▸ Task
In the entries below, how many lines hold the string "Mitglieder"? Give only the number.

▸ Data listing

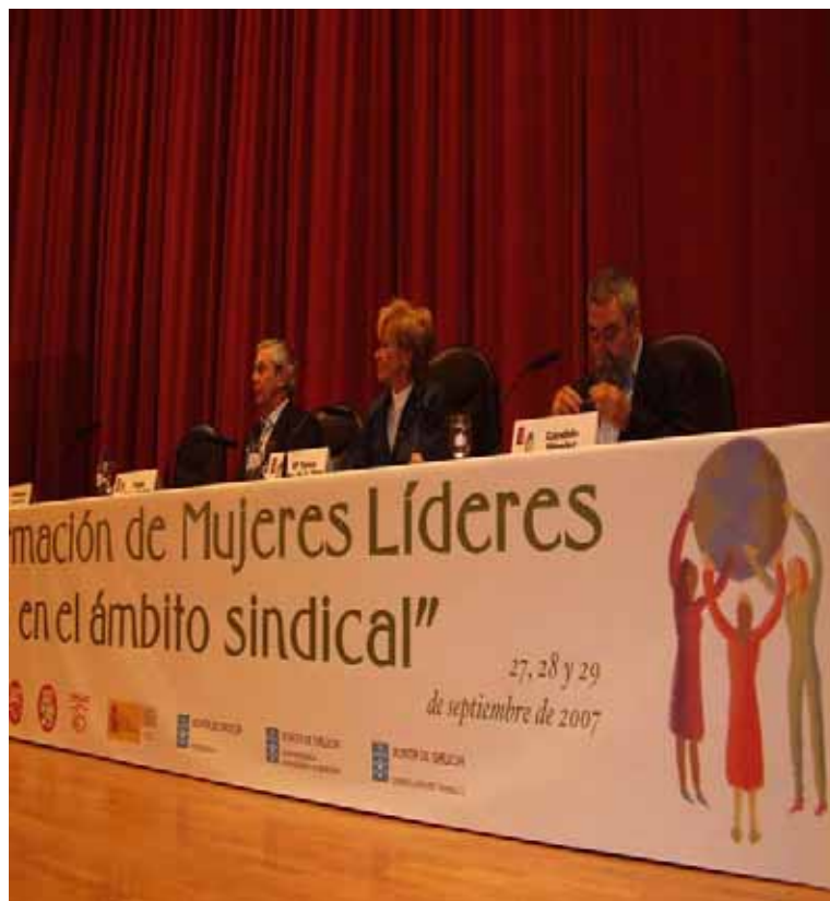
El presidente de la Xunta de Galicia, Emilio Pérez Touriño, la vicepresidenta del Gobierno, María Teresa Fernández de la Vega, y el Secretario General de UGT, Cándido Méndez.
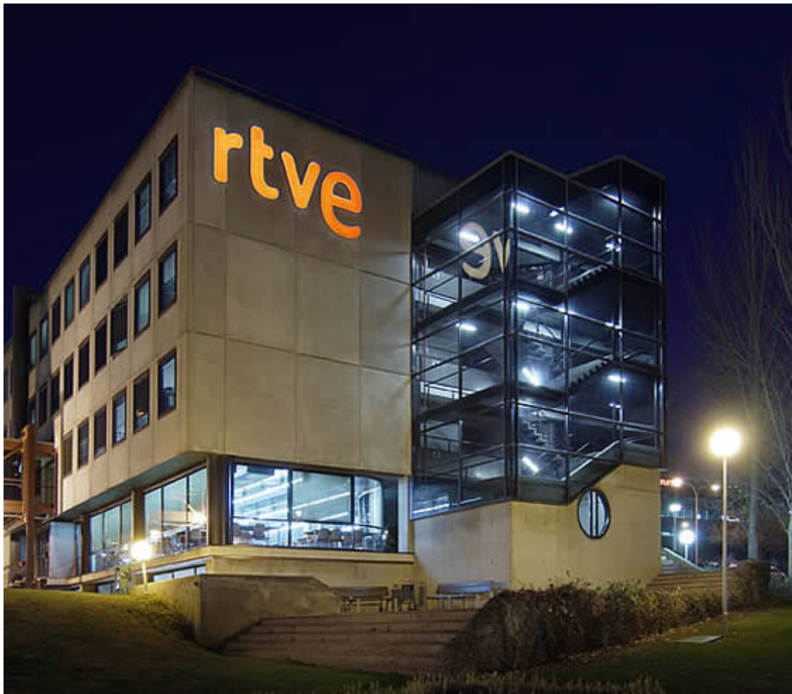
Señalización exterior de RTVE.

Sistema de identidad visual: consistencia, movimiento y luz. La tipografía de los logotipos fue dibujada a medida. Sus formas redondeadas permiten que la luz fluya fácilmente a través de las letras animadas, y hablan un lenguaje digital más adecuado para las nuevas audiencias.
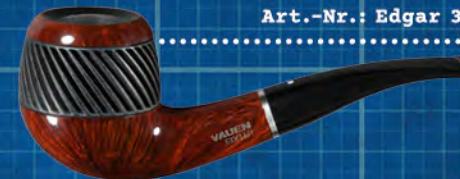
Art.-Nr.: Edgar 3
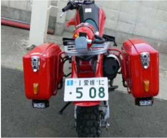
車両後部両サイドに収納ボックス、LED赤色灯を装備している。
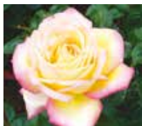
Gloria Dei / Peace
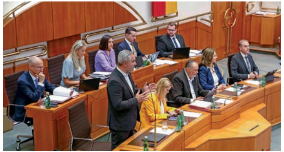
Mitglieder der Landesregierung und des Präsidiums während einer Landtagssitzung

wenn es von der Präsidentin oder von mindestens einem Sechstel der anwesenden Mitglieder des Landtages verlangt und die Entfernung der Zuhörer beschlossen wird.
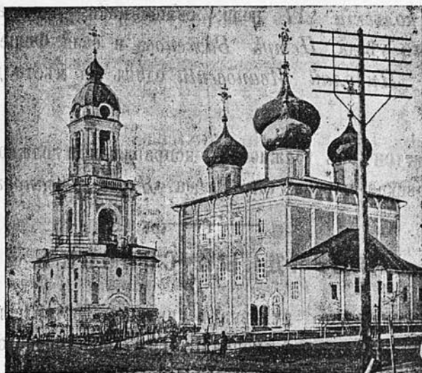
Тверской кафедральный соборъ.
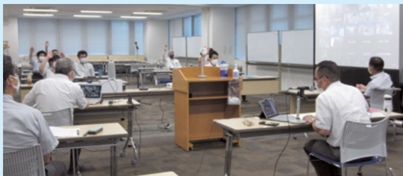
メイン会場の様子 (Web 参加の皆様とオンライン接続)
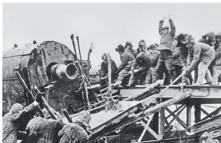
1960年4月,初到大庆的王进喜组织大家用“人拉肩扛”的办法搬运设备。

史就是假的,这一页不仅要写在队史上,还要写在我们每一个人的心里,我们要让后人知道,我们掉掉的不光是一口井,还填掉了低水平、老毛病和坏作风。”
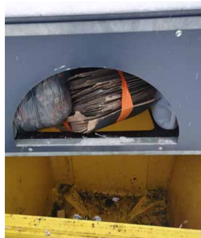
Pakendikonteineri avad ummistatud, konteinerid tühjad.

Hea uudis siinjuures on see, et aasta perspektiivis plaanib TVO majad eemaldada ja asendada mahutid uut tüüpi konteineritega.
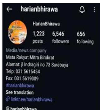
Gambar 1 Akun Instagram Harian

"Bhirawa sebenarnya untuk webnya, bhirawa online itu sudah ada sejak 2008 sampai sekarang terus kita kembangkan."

▸ Response below
2